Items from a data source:
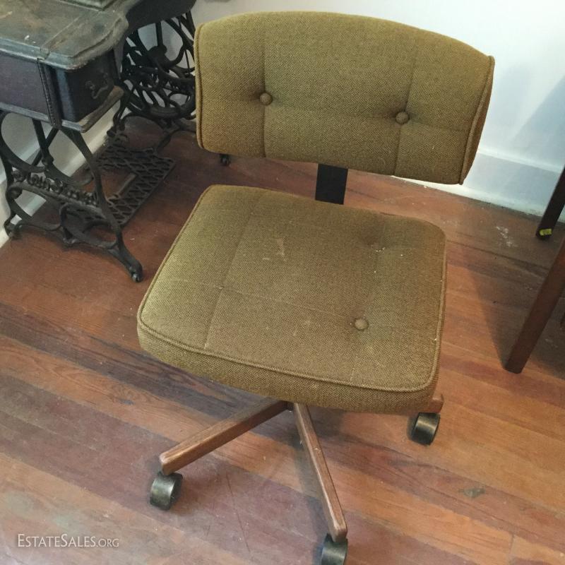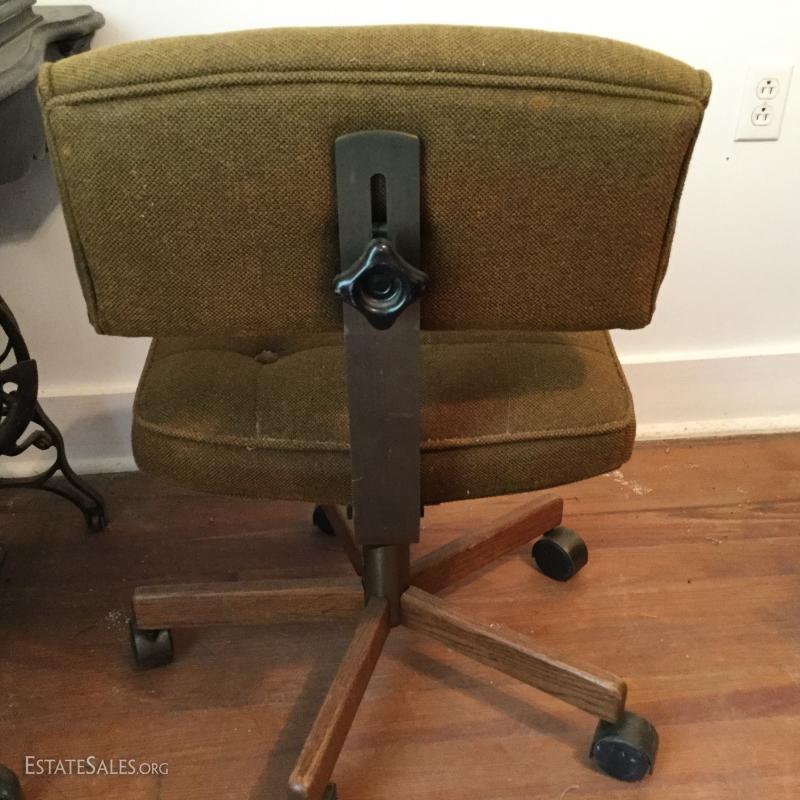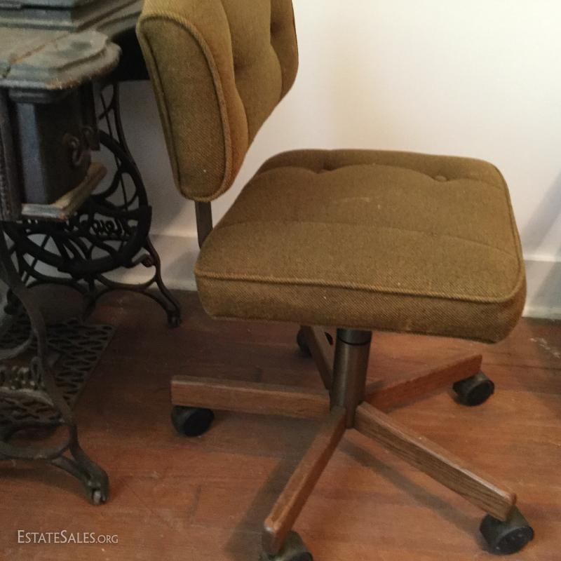 Antique Royal sewing machine in table and MCM office chair on wheels.
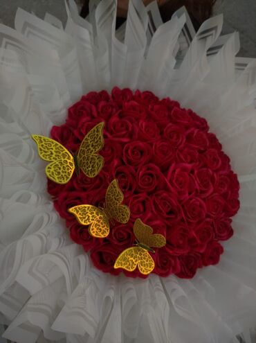 - Fotoşəkillərdə görülən elementlər buketlə birlikdə təqdim edilir (kəpənəklər və bəzək kağızı)
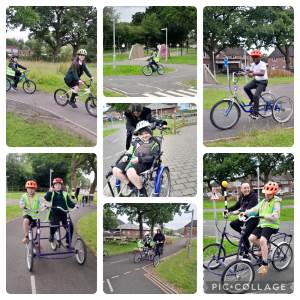 The children have been cycling at a community in Cheadle for the past few weeks as part of Outdoor Education – they really enjoy the course and the small community where they learn about road safety and rules of the road.
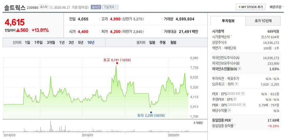 솔트웍스는 무기체계의 가상훈련시스템 개발, 종합군수지원 사업, 국방 시뮬레이터 개발 등의 교육훈련용 솔루션 개발 및 서비스를 주요 사업으로 영위하고 있습니다. VR, AR, MR을 기반으로 한 제품을 만들어 미래가치가 더욱 중요해질 기업으로 보이며 다양한 가상체험 관련 훈련 국책과제를 수행하고 있습니다. 하지만 장기간 거래정지가 된 적이 있어 투자시 유의할 필요가 있어 보입니다. 17일 13.81%의 상승을 보여주었습니다.
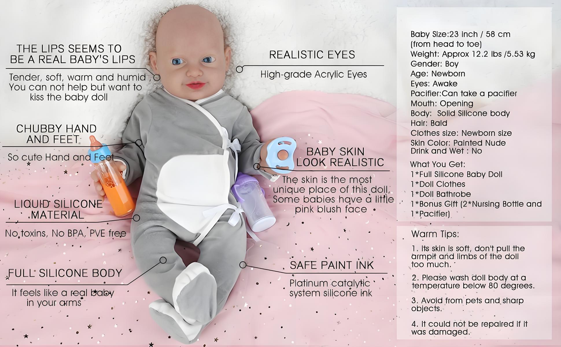 Ultra-Realistic Feel: The platinum silicone closely mimics the softness and texture of real baby skin.
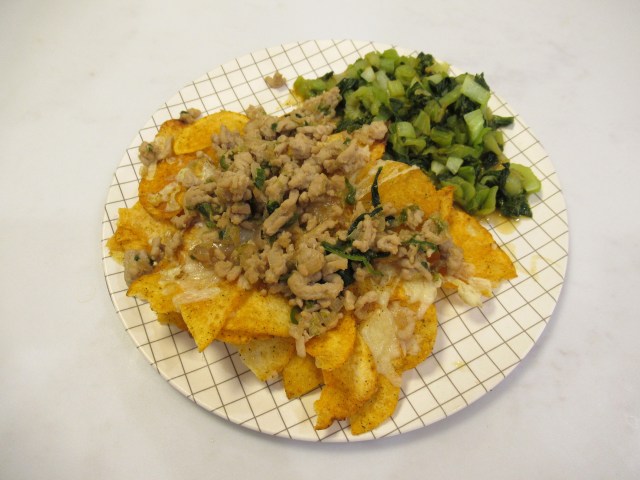 Trader Joe’s Thai yellow curry potato chips needed to be turned into nachos. With two types of sharp cheddar and a loose take on Thai basil chicken. Plus bok choy sauteed with ginger, white pepper, and hoisin sauce.
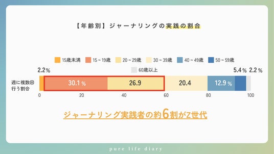 1週間のうちジャーナリングを複数回行うと答えた人は45.8%となり、そのうち、Z世代(15歳~29歳)の実施率は、実践者のうち約6割という結果でした。
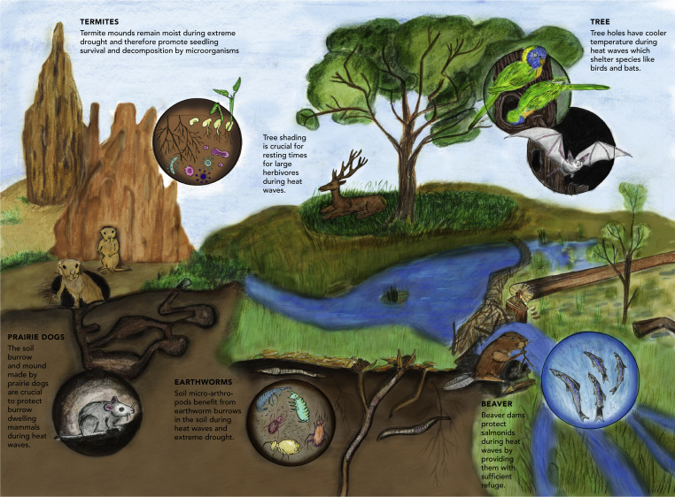 Climate extremes are expected to become more commonplace and more severe, putting species and ecosystems at unprecedented risks. We recommend that rewilding programs can create conditions for ecosystems to endure and recover rapidly from climate extremes by incorporating ecosystem engineers of various body sizes and life forms.
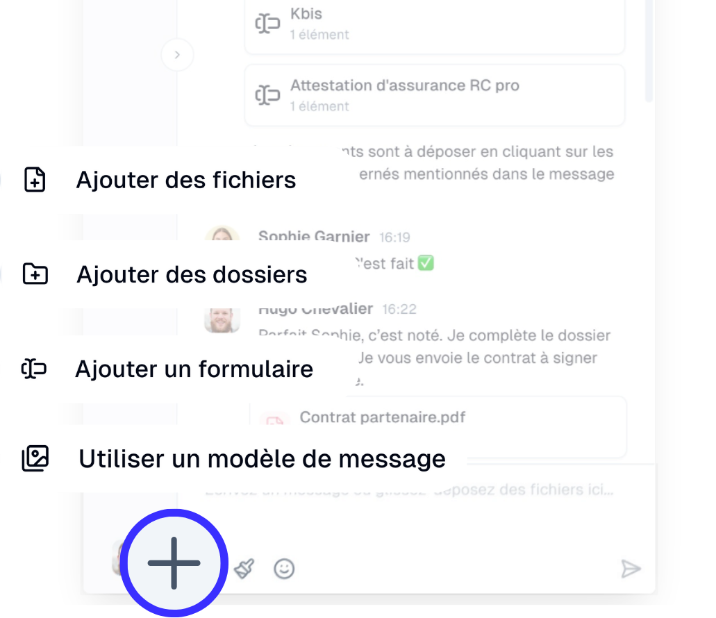 Sollicitez des documents de manière sécurisée en ouvrant un espace de dépôt dans la conversation. Une solution simple et conforme pour récupérer les pièces nécessaires.
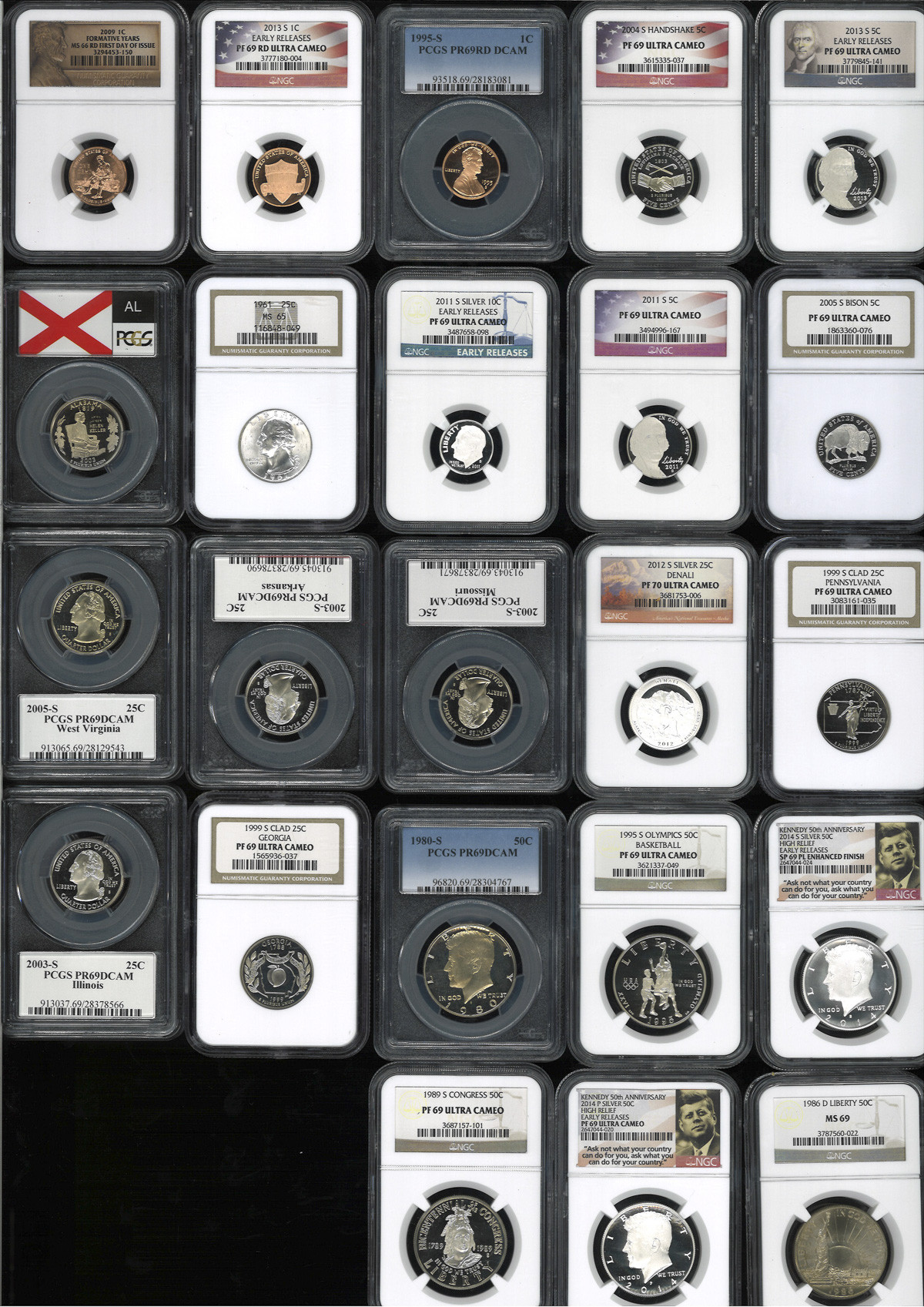 USA アメリカ合众国 Cent(×3)、5Cents(×4)、10Cents(×1)、25Cents(×9)、50Cents(×6) 计23枚组 23pcs 全てNGCやPCGSのケースに入っている 返品不可 要下见 Sold as is No returns UNC(Proof)。 UNC(Proof)

Your goal:
Print all of the records shown above exactly, leaving out each picture.

Solution for this exercise:
 Antique Royal sewing machine in table and MCM office chair on wheels.
 - Fotoşəkillərdə görülən elementlər buketlə birlikdə təqdim edilir (kəpənəklər və bəzək kağızı)
 The children have been cycling at a community in Cheadle for the past few weeks as part of Outdoor Education – they really enjoy the course and the small community where they learn about road safety and rules of the road.
 솔트웍스는 무기체계의 가상훈련시스템 개발, 종합군수지원 사업, 국방 시뮬레이터 개발 등의 교육훈련용 솔루션 개발 및 서비스를 주요 사업으로 영위하고 있습니다. VR, AR, MR을 기반으로 한 제품을 만들어 미래가치가 더욱 중요해질 기업으로 보이며 다양한 가상체험 관련 훈련 국책과제를 수행하고 있습니다. 하지만 장기간 거래정지가 된 적이 있어 투자시 유의할 필요가 있어 보입니다. 17일 13.81%의 상승을 보여주었습니다.
 Ultra-Realistic Feel: The platinum silicone closely mimics the softness and texture of real baby skin.
 Trader Joe’s Thai yellow curry potato chips needed to be turned into nachos. With two types of sharp cheddar and a loose take on Thai basil chicken. Plus bok choy sauteed with ginger, white pepper, and hoisin sauce.
 1週間のうちジャーナリングを複数回行うと答えた人は45.8%となり、そのうち、Z世代(15歳~29歳)の実施率は、実践者のうち約6割という結果でした。
 Climate extremes are expected to become more commonplace and more severe, putting species and ecosystems at unprecedented risks. We recommend that rewilding programs can create conditions for ecosystems to endure and recover rapidly from climate extremes by incorporating ecosystem engineers of various body sizes and life forms.
 Sollicitez des documents de manière sécurisée en ouvrant un espace de dépôt dans la conversation. Une solution simple et conforme pour récupérer les pièces nécessaires.
 USA アメリカ合众国 Cent(×3)、5Cents(×4)、10Cents(×1)、25Cents(×9)、50Cents(×6) 计23枚组 23pcs 全てNGCやPCGSのケースに入っている 返品不可 要下见 Sold as is No returns UNC(Proof)。 UNC(Proof)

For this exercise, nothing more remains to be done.